В голове парня, как давно накопленные сокровища, лежали давно продуманные, горькие мысли о том, что жизнь его семьи и его собственная совершенно испорчена, что дом разорен, что осенью, действительно, как бы не пришлось заколотить избёнку и отправиться — кому в люди, кому по миру. Дальше… больше… и никогда не справишься, никогда не станешь хозяином. Пробатрачишь всю жизнь. Ждать помощи неоткуда… неоткуда… неоткуда… Каждый, как староста, норовит лишь живого мяса клюнуть… А он хотел было осенью жениться. Он не раз мечтал даже о том, кого взять! И как немного нужно было, чтобы поправиться. Рублей 50-60, несколько блестящих тяжелых золотых, которые так приятно холодят ладонь…

Николай не думал определенным образом, он чувствовал только, что над ним как будто сплывается густой, непроницаемый туман, и к горлу, расстилаясь по груди, ползет что-то тяжелое, неумолимо-давящее. И одна мысль, одно представление, которое он не смел облечь во что-нибудь ясное, вдруг пронизывало его, обжигало огнем и осыпало морозом. Он отгонял от себя эту мысль и знал, что она опять скоро придет, ужасная и желанная, и пронижет его острым, жгучим напряжением. Минутами его как будто отпускало: он начинал дышать легче, спокойнее думать о том, что будет, слабо надеяться, что с помощью богатых родных, которые вообще, однако, никогда ему не помогали, он женится, уплатит подати и, уехав с женой на зиму работать в Астрахань, не только заплатит все долги, но и вернется в дом хозяином, купит лошадь, запашет яровой хлеб. В эти минуты та страшная мысль, которую он отгонял и звал, пробегала перед ним легко, легко, как струйка летнего, нагретого воздуха, и сердце Николая замирало от ужаса, от проблеска сознания. Проходило мгновение и опять ползла по его груди неумолимая, неотвратимая тяжесть, и опять жгучая преступная мысль жалила его змеей и манила к себе… Он вздыхал глубоко, прерывисто, в несколько приемов.

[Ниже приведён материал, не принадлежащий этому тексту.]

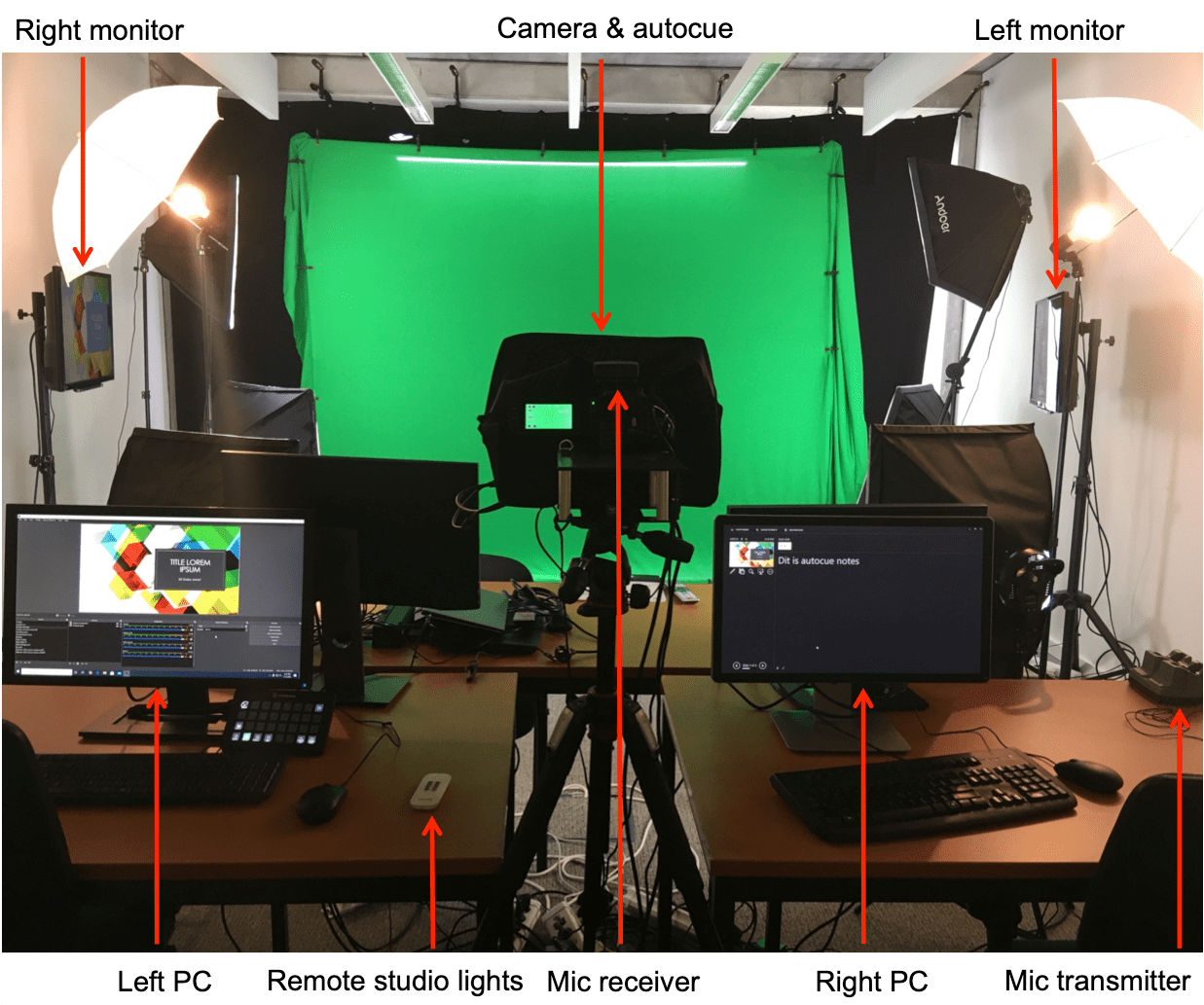 De opnameruimte op de zevende verdieping van het iGent-gebouw (lokaalnummer 170.010) beschikt over een camera, microfoon, lichtschermen, monitors, teleprompter en een manshoog green screen. In de handleiding en de instructievideo vind je terug hoe je ze kan gebruiken voor (1) opnames vanop camera en (2) opnames met een Powerpoint als achtergrond. Op termijn zal het ook mogelijk worden de studio voor livestreaming in te zetten. Wil je deze ruimte voor het eerst gebruiken, mail dan naar Nic Vermeulen voor technische ondersteuning.

— Что задумался? — спросил Ефрем после того, как путешественники прошли версты четыре.

— Так… тоскую. Сердце болит, — ответил Николай глухо. — Не надо бы мне идти.

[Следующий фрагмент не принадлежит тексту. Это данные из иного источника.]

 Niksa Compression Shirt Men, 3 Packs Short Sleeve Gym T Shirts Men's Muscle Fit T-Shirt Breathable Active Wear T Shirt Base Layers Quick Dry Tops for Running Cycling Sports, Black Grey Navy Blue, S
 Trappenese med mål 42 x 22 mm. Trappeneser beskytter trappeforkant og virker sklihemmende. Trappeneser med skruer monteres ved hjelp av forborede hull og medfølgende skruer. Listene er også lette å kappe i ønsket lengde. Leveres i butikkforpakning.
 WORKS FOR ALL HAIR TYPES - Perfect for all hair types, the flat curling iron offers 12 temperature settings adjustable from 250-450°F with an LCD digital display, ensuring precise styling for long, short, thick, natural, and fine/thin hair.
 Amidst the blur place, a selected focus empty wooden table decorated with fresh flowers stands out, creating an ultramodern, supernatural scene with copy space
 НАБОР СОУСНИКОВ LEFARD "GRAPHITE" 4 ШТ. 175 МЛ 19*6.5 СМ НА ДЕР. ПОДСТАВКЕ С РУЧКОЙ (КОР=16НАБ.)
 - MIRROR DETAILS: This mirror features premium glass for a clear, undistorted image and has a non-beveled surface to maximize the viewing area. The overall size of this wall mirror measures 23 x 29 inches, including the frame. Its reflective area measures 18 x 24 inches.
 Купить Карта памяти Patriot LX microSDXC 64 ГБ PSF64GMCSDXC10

— Не надо бы идти? А то куда ж? Ну, парень… И говорит, как лапти ходят… Не ты первый. Как еще люди справляются. Я ведь, — продолжал он, переходя в дружеский, хвастающийся тон и как бы слегка извиняясь перед Миколкой за превосходство своего положения, — эти-то четыре золотых с куфарки одной смыл… черный бы ее. Из Бак-то я по первому пароходу прибёг. В Саратове больше двух месяцев служил на спасательной. Там старшим матросом наш же. Ты его, чать, знашь: Микифор Васильич. Ну, она, эта самая женщина, была с одним матросом знакома, Бутырев — прозвание; тихонько к нам на спасательную бегала, а то он к ней ходил, как не был дежурным: попозже, когда господа спать лягут. Ну, увидала она меня, — того уж ей стало не надо. Со мной познакомилась. Как увидала, тут же послала за бутылкой. Гармошку с собой принесла. Всю ночь гуляли, «разлуку» пели. Ну за два месяца двадцать рублей мне и перетаскала.

— За что?

— Как за что? А за что я ее, старую, любил? Ей лет много больше сорока. Должна она понимать?

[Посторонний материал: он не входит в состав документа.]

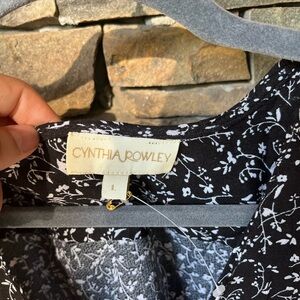 This relaxed blouse by Cynthia Rowley features a chic black and white design with ruffled accents and 3/4 sleeves. The light, flowy fabric offers a comfortable fit, making it a versatile addition to any wardrobe. You can see where I pulled the tag off never worn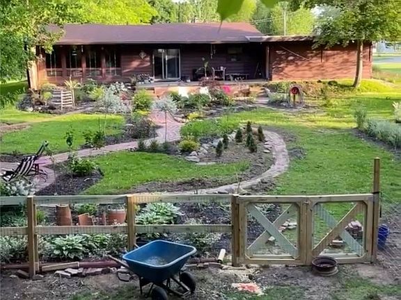Frank Lloyd Wright-inspired cedar Ranch custom home situated on a stunning back wooded lot that abuts the land atop the Reservoir. Fabulous brick wall topped w/casement windows for natural lighting spans the entire length of the open kitchen, dining area and Great Room. This space also has a gorgeous vaulted wood-beamed ceiling and a wall of sliders and windows that overlook the private, landscaped backyard sanctuary! The gourmet kitchen features a new Terrazzo countertop (Dec 2023), sink (2023), commercial refrigerator, built-in pantry/closet and endless counter space and cupboards. There are 3 bedrooms to the right of the entrance foyer. The owner's suite is very large and has 3 large closets and a full en suite bath. The other 2 bedrooms feature large closets as well. One of them has 2 closets and a dressing area. The lower level is mostly finished and has an absolutely beautiful Rec Room complete with sconces and overhead lighting, wet bar, finished brick walls and professionally finished concrete flooring. There is a new full bath (Nov 2023) next to the Rec Room and an oversized laundry room plus a huge storage room. Throughout the home you will notice stunning wood and louvered wood doors w/tasteful levers. The color scheme and materials enhance the rustic contemporary style of the home. There are 2 connected outbuildings along with a fenced/gated area. The larger of the buildings has a massive 10ft brick fireplace. The winding hand-laid brick walks and the extensive garden beds are pure paradise. Updates include garage door, roof 5-10 yrs, HVAC 5-7 yrs (very large units), hot water tank 2 yrs, fixtures, paint, some plumbing and electrical, water filtration system, UV light and water softener, wet bar, full lower bath, lower flooring all finished 2020-2023.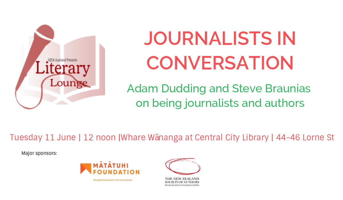 NZSA Auckland Branch is proud to bring you the Literary Lounge Series this June and July.  At the ‘Journalists in Conversation’ event Adam Dudding and Steve Braunias will talk about being journalists and authors in Aotearoa.
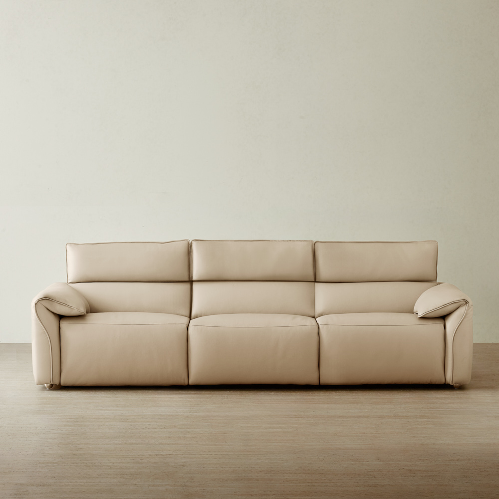 Sleek, supportive, and luxuriously comfortable, the Arlington Recliner redefines how you unwind. Upholstered in premium almond cream leather, this 2-piece modular design features dual electric recliners for personalized comfort at the touch of a button.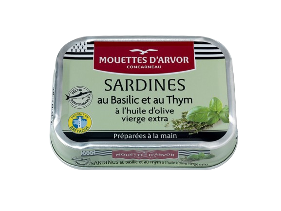 Covered with an extra virgin first cold pressed olive oil, the sardines benefit from the tasty alliance of basil and thyme that brings a note of freshness.

— Грех этак, дядя Ефрем. Что в сам деле? Тетеньке Варваре обидно.

— Больно ты много знаешь! Не в подол я тетеньке Варваре принесу. Что за грех? Она вон как цену с господ мылит, да на провизии… Учена кухарка. Стара базла, а любить ей молодых да хороших охота. Она Федьке Бутыреву пиджак и сапоги справила. Я его хуже, што ли? Я, брат, и в Баке не полоротничал.

Николай ничего не ответил, а Ефрем говорил без умолку. Шли они селом с широкими, чистыми порядками и шатровыми избами, и Ефрем рассказывал, какие в этом селе богатые мужики и почему они богатые; на пути встретилась глубокая канава, а по обе стороны ее высокие валы известковой подпочвы, и Ефрем рассказал, какой человек князь, которому принадлежит обведенная канавой местность, как он бросил красавицу жену и живет с бывшей нянькой, старой девкой «чародейкой», которая над ним «сделала». Когда эта тема истощилась, он начал припоминать, как он жил в Баку, работал в Балаханах надсмотрщиком на промыслах, какое получал жалованье и как, по приказанию управляющего, водил по промыслам приезжего англичанина и «втирал ему очки в бельмы».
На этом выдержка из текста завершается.